From the pathogenetic point of view, CRC is a complex and heterogeneous neoplastic disease, exhibiting multiple genetic and epigenetic alterations. The accumulation of acquired molecular aberrations is involved in colorectal tumorigenesis, able to transform normal colonic epithelieum into adenocarcinomas. Starting from the model proposed by Fearon and Vogelstein in 1990, not only tubular and tubulovillous adenoma may progress to invasive adenocarcinoma, but it is now recognized that the serrated adenomas (SSA) and traditional serrated adenomas (TSA), originally excluded, may also undergo malignant transformation [3, 4].

At least four kinds of different pathogenic mechanisms have been proposed to be relevant in CRC classification: chromosomal instability (CIN), microsatellite instability (MSI), CpG island methylator phenotype (CIMP) and global DNA hypomethylation. The CIN pathway is the most common feature, occurring in 85 % of colorectal cancers and showing numerical chromosome changes and/or multiple structural aberrations. Different studies suggest that CIN promotes cancer progression by increasing clonal diversity [5]. It involves mutations in the APC gene and/or the loss of chromosome 5q where it is located, mutations in the KRAS oncogene, the loss of chromosomal arm 18q, and deletion of chromosome 17p where is mapped the TP53 tumour suppressor gene [6]. The MSI phenotype is present in the remaining 15 % of CRCs.

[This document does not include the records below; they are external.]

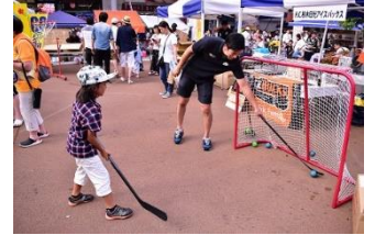
△シュート体験教室の様子 (イメージ)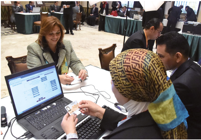
En Egipto, tras las elecciones de 2015, casi el 15% de los parlamentarios son mujeres: un aumento considerable en comparación con resultados anteriores. © Khaled Mashaal, 2015

lo obtuvo una mujer. Aunque ninguno de estos partidos había adoptado cuotas, ambos demostraron una firme cultura interna de inclusividad y sensibilidad al género.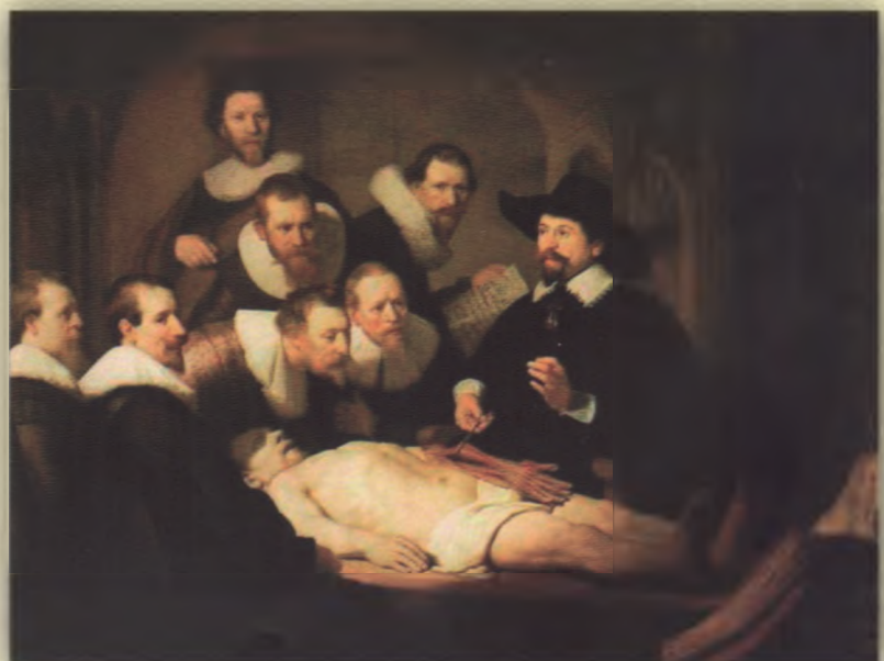
Урок анатомії доктора Ніколаса Тулпа. Рембрандт ван Рейн. 1632 р.

Проте анатомія означала не лише проникнення та деконструкцію. Вона також передбачала публічний показ. Розтини в анатомічному театрі були справжнім видовищем — театром у буквальному розумінні; а їм відповідали інші види тілесного показу, особливо пишномовна демонстрація жіночої краси у традиції, за якою поет ранжував частини своєї пані як трофеї для еротичного замилювання. З подвійним сенсом королева Єлизавета примудрилася використати цю традицію для власних цілей, прославляючи себе й перетворюючи власне тіло, з крихтою поетичної вільності, на

It is usually mutually exclusive with CIN aberrations and involves the impairment of the DNA mismatch repair system. This damage causes replication errors at genomic level—detectable as numerical alterations in the repetitive units of DNA microsatellites—and inactivating mutations in target tumour suppressor genes [7]. The CIMP feature is characterized by hypermethylation of genomic DNA located in CpG islands, specific regulatory sites enriched in CpG motifs and mapped in the promoter regions of tumour suppressor genes. Although the mechanism is still under investigation, different studies suggest a pathogenetic correlation between CIMP and occurrence of BRAF mutations in CRC [7, 8]. Finally, a reduction of DNA methylation rates has also been reported in majority of CIN-positive CRCs [9].

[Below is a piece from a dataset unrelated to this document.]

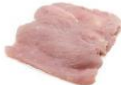
Pechuga fileteada **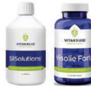
Vitakruid Compleet assortiment

Altogether, the above-mentioned genetic and epigenetic alterations have a powerful impact on different cellular functions: cell proliferation, apoptosis, differentiation, angiogenesis, invasion and immortalization [10, 11]. Among others, the EGFR-RAS-RAF-MEK-ERK and the PI3 K-AKT-mTOR signalling cascades play the main roles in CRC development and progression. In particular, activated RAS (mainly, KRAS and NRAS) proteins promote cell proliferation through constitutive stimulation of the downstream RAF-MEK-ERK effectors in the so-called mitogen-activated protein-kinase (MAPK) pathway [12].

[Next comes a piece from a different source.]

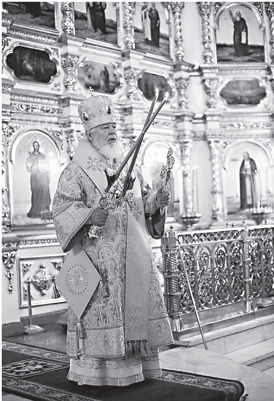
Митрополит Самарский и Новокуйбышевский Сергей, Глава Самарской митрополии

В 1993 г. приглашен певчим в церковь Рождества Пресвятой Богороди-

In recent past years, the EGFR-depending pathway has been largely exploited for personalized therapies and, in particular, EGFR has become a key target of specific inhibitors to treat metastatic CRCs [13, 14]. Activating mutations in K-/N-RAS are recognized as a strong predictor of resistance to EGFR-targeted agents (monoclonal antibodies, mAbs), since they cause a constitutive phosphorylation of the RAS proteins—independent on activation status of the upstream EGFR protein—which in turn permanently promote cell proliferation and drastically reduce the effects of the EGFR inhibition [15–18].

The role of RAS mutations as prognostic factors in CRC patients remains uncertain and may be somehow dependent on populations’ origin [19–22]. Conversely, oncogenic BRAF mutations seem not to be predictive of insensitivity to the anti-EGFR therapy, but are recognized as predictors of poor survival [21, 23–27].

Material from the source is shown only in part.